Clinical features of boys with fragile X premutations and intermediate alleles.

作者信息

Aziz Monica, Stathopulu Eleni, Callias Maria, Taylor Catherine, Turk Jeremy, Oostra Ben, Willemsen Rob, Patton Mike

机构信息

Child Mental Health Learning Disability Service, South-West London & St. George's Mental Health NHS Trust, United Kingdom.

出版信息

Am J Med Genet B Neuropsychiatr Genet. 2003 Aug 15;121B(1):119-27. doi: 10.1002/ajmg.b.20030.

Abstract

Fragile X syndrome has a characteristic behavioural and physical phenotype. Clinical experience and case reports suggest that boys with premutations and intermediate alleles may have similar, but possibly milder, clinical features than those with the full mutation. We conducted detailed physical, psychiatric, psychological and speech and language evaluations on a clinical series of 10 boys, with either premutation or intermediate CGG triplet expansions. Wherever possible we measured the levels of FMR1 protein in participants' hair roots. Many participants demonstrated striking resemblance in their clinical picture, behavioural and physical, to individuals with the fragile X syndrome full mutation. However, protein expression was normal in all participants where it was assessed, despite large variation in CGG triplet repeats.
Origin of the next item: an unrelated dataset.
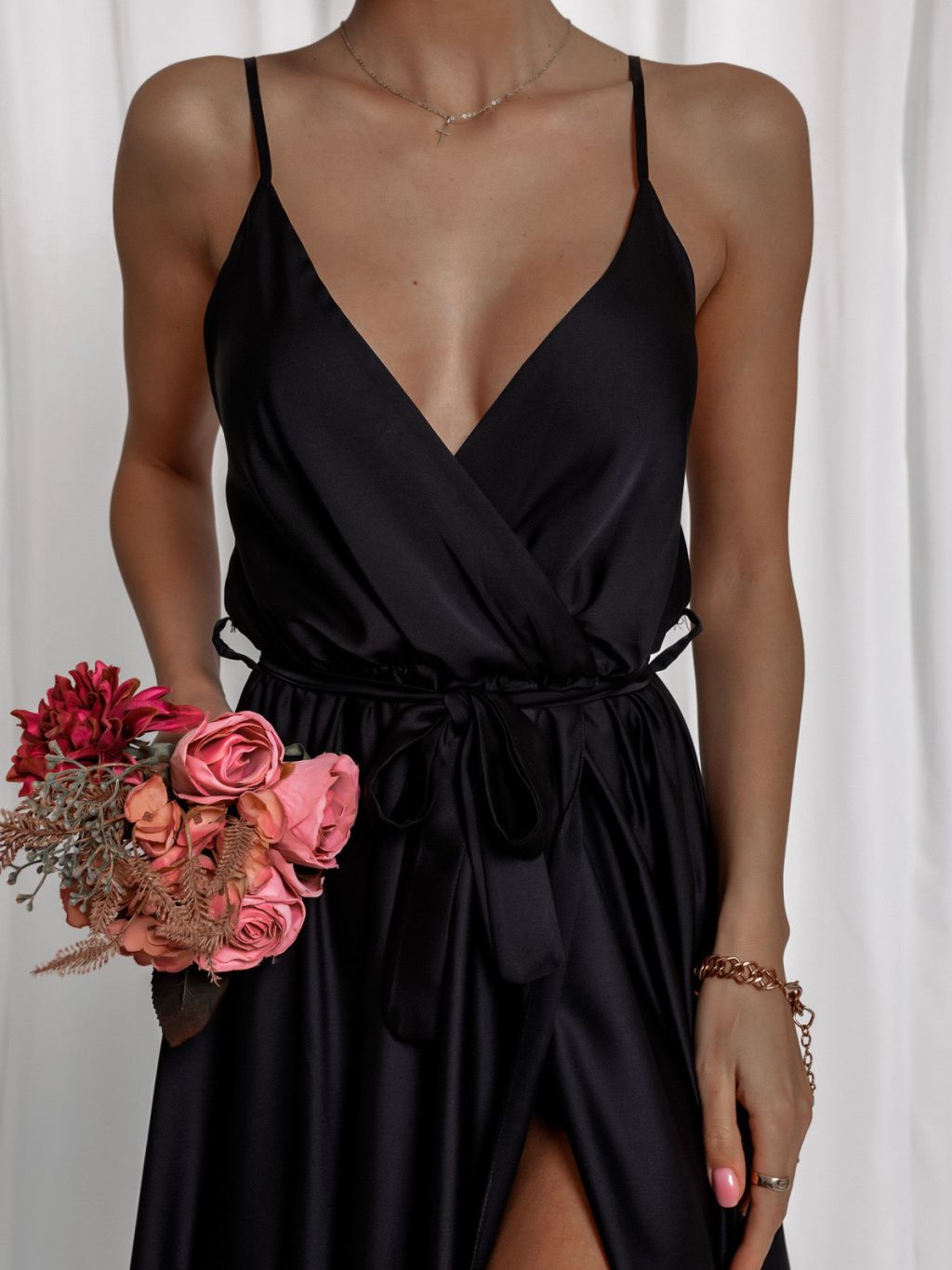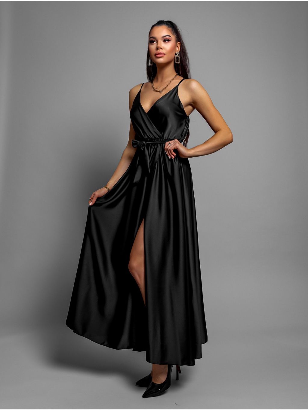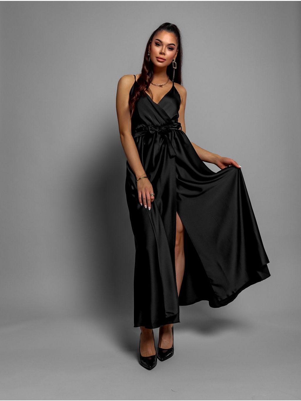 Čierne lesklé dlhé plesové šaty FAIRYTALE pro družičky

We propose that the findings are unlikely to be attributable to ascertainment bias alone. Replication on larger independent samples is required to confirm our impression that fragile X premutations and intermediate alleles may be associated with important developmental disabilities and physical features.

摘要

脆性X综合征具有典型的行为和身体表型。临床经验和病例报告表明,携带前突变和中间等位基因的男孩可能具有与完全突变男孩相似但可能较轻的临床特征。我们对10名携带前突变或中间CGG三联体扩增的男孩进行了详细的身体、精神、心理以及言语和语言评估。我们尽可能测量了参与者发根中FMR1蛋白的水平。许多参与者在临床症状、行为和身体方面与脆性X综合征完全突变个体表现出惊人的相似之处。然而,尽管CGG三联体重复存在很大差异,但在所有接受评估的参与者中,蛋白质表达均正常。我们认为这些发现不太可能仅归因于确诊偏倚。需要在更大的独立样本上进行重复研究,以证实我们的印象,即脆性X前突变和中间等位基因可能与重要的发育障碍和身体特征有关。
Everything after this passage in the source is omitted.